I felt my high wobble, then regain its spin.

“I think she’s a very unhappy woman,” I said. “And troubled.”

“I hear her calling out names when she takes her naps: Joya, Marian…you.”

“Glad I don’t have to hear that,” I said, patting Amma’s hand. “But I’m sorry you do.”

“She likes to take care of me.”

“Great.”

“It’s weird,” Amma said. “After she takes care of me, I like to have sex.”

She flipped up her skirt from behind, flashed me a hot pink thong.

“I don’t think you should let boys do things to you, Amma. Because that’s what it is. It’s not reciprocal at your age.”

“Sometimes if you let people do things to you, you’re really doing it to them,” Amma said, pulling another Blow Pop from her pocket. Cherry. “Know what I mean? If someone wants to do fucked-up things to you, and you let them, you’re making them more fucked up. Then you have the control. As long as you don’t go crazy.”

“Amma, I just…” But she was already burbling ahead.

“I like our house,” Amma interrupted. “I like her room. The floor is famous. I saw it in a magazine one time. They called it ‘The Ivory Toast: Southern Living from a Bygone Time.’ Because now of course you can’t get ivory. Too bad. Really too bad.”

She stuck the sucker in her mouth and snatched a firefly from the air, held it between two fingers and ripped out its back end. Wiped the light around her finger to make a glowing ring. She dropped the dying bug into the grass and admired her hand.

“Did girls like you growing up?” she asked. “Because they’re definitely not nice to me.”

I tried to reconcile the idea of Amma, brash, bossy, sometimes scary (stepping on my heels at the park—what kind of thirteen-year-old taunts adults like that?) with a girl to whom anyone was openly rude. She saw my look and read my thoughts.

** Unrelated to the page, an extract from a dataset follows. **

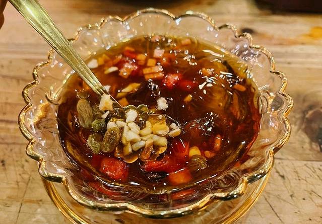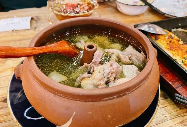 傍晚的时候我们在束河古镇找了一家环境超级好的餐厅吃了一餐美食,哇,真的是完美啊,我们是逛束河古镇到飞水触花景点旁边看到这家店,被门口鲜花吸引了,看着环境不错,肚子也饿,于是灵机一动,决定在这里解决晚餐,再回大研古城,事实证明,我们的选择是正确的,他家的特色小锅饭好好吃,米饭做的好香,汽锅鸡,烫超级鲜,好喝,包浆豆腐,外焦里嫩,吃起来舒服,还有老板免费送的冰凉粉,真的好好吃,老板娘是个美女,送的冰粉还那么好吃,真的是人美心善,难怪人气那么高,必须推荐大家也去尝尝!

“I don’t mean not nice to me, actually. They do whatever I tell them. But they don’t like me. The second I fuck up, the second I do something uncool, they’ll be the first to gang up against me. Sometimes I sit in my room before bed and I write down every single thing I did and said that day. Then I grade it, A for a perfect move, F for I should kill myself I’m such a loser.”

When I was in high school, I kept a log of every outfit I wore each day. No repeating until a month went by.